From: Sira Dermen, Dr Damian Gamble, Dr Az Hakeem and five others
Portman Clinic, London NW3
What is most striking about this affair is the sheer determination of these psychiatrists to get their point across. Remarkable, given that none of those named were generally recognised as specialists in the field, or for pursuing a recognised therapeutic approach.
Clinicians worldwide had already been following the generally accepted Harry Benjamin standards of Care, through six revisions since the late 1970's. The High Court and Court of Appeal had already accepted expert clinical testimony (in 1998 and 1999 respectively) that the Harry Benjamin style approach to assessing and treating people with what we now call Gender Dysphoria was the appropriate protocol.
Both letters, both with eight signatories, and both apparently submitted at around the same time, appeared to go out of their way to dispute a large body of clinical practice from people who did deal with large numbers of transsexual people, and to reject the findings of a court which had been examining and probing all sides of the question four times over sixteen years.
First do no harm
Clinicians do disagree with one-another of course. That's acceptable in the spirit of developing knowledge and exchanging ideas.
Good clinicians, concerned to achieve the best for their patients, will listen to those opposing views.
The forum for this kind of debate is in peer reviewed journals and specialist conferences, not national newspapers … and certainly not when those resorting to the press were never usually to be seen frequenting the conferences where treatment approaches in this field are normally debated.
Resorting to the press is remarkable … particularly if you are quite evidently seeking to use the authority of your institution and qualifications to stigmatise people who have just won a remarkable human rights case.
That goes well beyond the realms of normal professional behaviour.
There is a key principle which all clinicians are supposed to adhere to. "First do no harm"
It is still hard to conceive, after ten years, just how the doctors who signed the above letters thought they might be working according to that principle.
Looking back, much water has flowed under the bridge in ten years.

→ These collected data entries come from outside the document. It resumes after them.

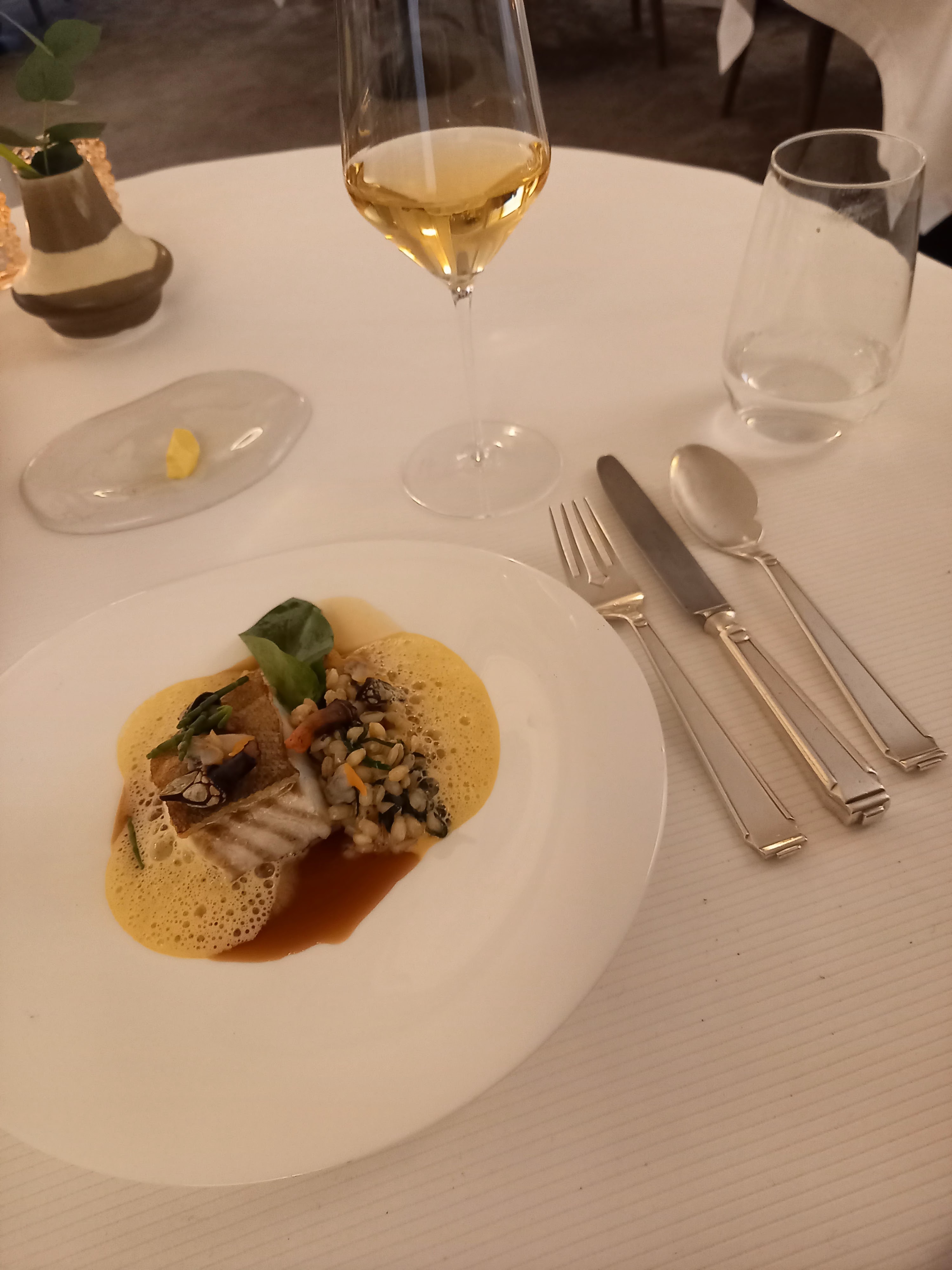 La cuisine est plus que délicieuse, le service était irréprochable mention spéciale au sommelier Enzo, qui nous transmet sa passion pour le vin le restaurant mériterait vraiment une deuxième étoile
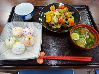 本日は「夏野菜と地産豚のオイマヨ炒め」「手まり握り」「そば米汁」「わらび饅頭」を作りました。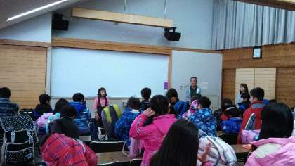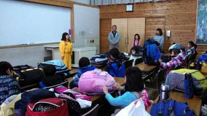 お弁当も食べ終わったので、退所式です。校長先生のお話、児童代表の言葉、そして花背山の家のスタッフの方のお話です。あっという間に過ぎた時間、ちょっともの足りなかったというというのが、子どもたちの本音でしょうか。でもとっても楽しいよい思い出がてきたと思います。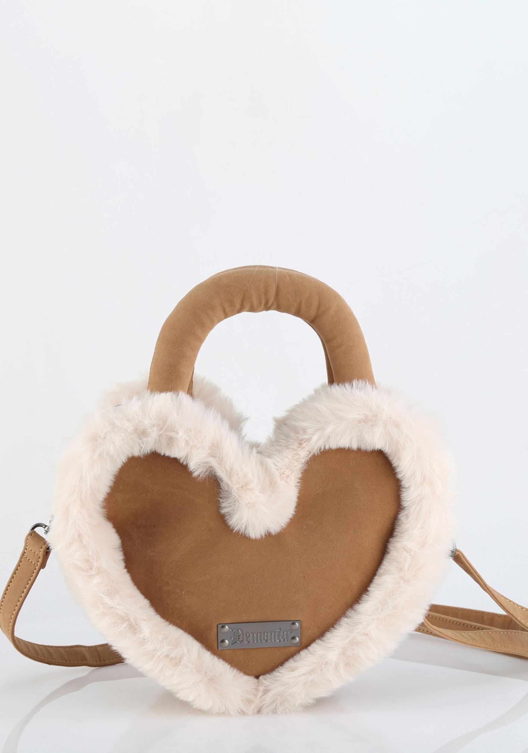 Faux Suede & Fur Heart Shaped Convertible Purse

In December 2002 the Labour Government announced plans to bring forward a Gender Recognition Bill (which colleagues and I had the privilege to work on); in June 2004 it completed the final Parliamentary hurdle to enable it to pass into law. It has now been in effect for over seven years (since April 2005).
The press meanwhile became in many ways far more hostile. In 2004 I submitted a dossier to the Press Complaints Commission containing many examples, and with a mass of personal testimonies from transsexual people affected by that reporting.
Whilst no direct causal relationship can be asserted, those letters by eight Portman clinic psychiatrists, aiming to undermine a decision in favour of transsexual peoples' privacy and marriage rights, might be thought (in hindsight) to have been hardly very helpful.
Some might think that "First do no harm" was far from their thoughts.